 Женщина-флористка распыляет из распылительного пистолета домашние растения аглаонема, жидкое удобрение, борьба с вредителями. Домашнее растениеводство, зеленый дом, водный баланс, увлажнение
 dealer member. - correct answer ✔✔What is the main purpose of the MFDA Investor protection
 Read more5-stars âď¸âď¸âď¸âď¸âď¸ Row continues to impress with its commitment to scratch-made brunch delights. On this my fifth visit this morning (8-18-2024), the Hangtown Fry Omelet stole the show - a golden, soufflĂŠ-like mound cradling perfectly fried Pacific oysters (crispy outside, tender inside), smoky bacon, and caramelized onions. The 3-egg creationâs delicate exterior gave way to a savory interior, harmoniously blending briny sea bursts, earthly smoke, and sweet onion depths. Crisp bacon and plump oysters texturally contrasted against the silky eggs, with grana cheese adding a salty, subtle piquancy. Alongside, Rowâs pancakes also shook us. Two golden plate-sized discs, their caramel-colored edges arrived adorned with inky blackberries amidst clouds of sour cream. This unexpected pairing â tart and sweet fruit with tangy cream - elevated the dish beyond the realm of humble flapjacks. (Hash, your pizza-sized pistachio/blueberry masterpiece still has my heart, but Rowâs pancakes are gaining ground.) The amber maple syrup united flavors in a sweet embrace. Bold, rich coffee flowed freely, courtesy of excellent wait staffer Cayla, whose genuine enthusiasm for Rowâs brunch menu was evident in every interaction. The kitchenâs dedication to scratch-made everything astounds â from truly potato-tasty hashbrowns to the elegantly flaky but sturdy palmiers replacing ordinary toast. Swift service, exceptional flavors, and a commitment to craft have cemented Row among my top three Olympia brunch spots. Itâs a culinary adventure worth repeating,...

...

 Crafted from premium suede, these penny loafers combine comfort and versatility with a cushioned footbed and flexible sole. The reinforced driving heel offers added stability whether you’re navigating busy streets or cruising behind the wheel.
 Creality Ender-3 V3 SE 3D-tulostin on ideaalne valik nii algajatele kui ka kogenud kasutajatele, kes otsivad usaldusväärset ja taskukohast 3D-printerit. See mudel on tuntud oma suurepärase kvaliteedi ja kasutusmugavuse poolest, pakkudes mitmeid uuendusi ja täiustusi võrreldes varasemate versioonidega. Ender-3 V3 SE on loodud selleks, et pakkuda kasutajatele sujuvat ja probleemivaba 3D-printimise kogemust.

## Goal of the exercise
Both the line containing "Женщина-флористка распыляет из" and the line containing "dealer member. - correct" belong in the answer. Print them and every line above that falls between them exactly, and no others.

## Finished task
 Женщина-флористка распыляет из распылительного пистолета домашние растения аглаонема, жидкое удобрение, борьба с вредителями. Домашнее растениеводство, зеленый дом, водный баланс, увлажнение
 dealer member. - correct answer ✔✔What is the main purpose of the MFDA Investor protection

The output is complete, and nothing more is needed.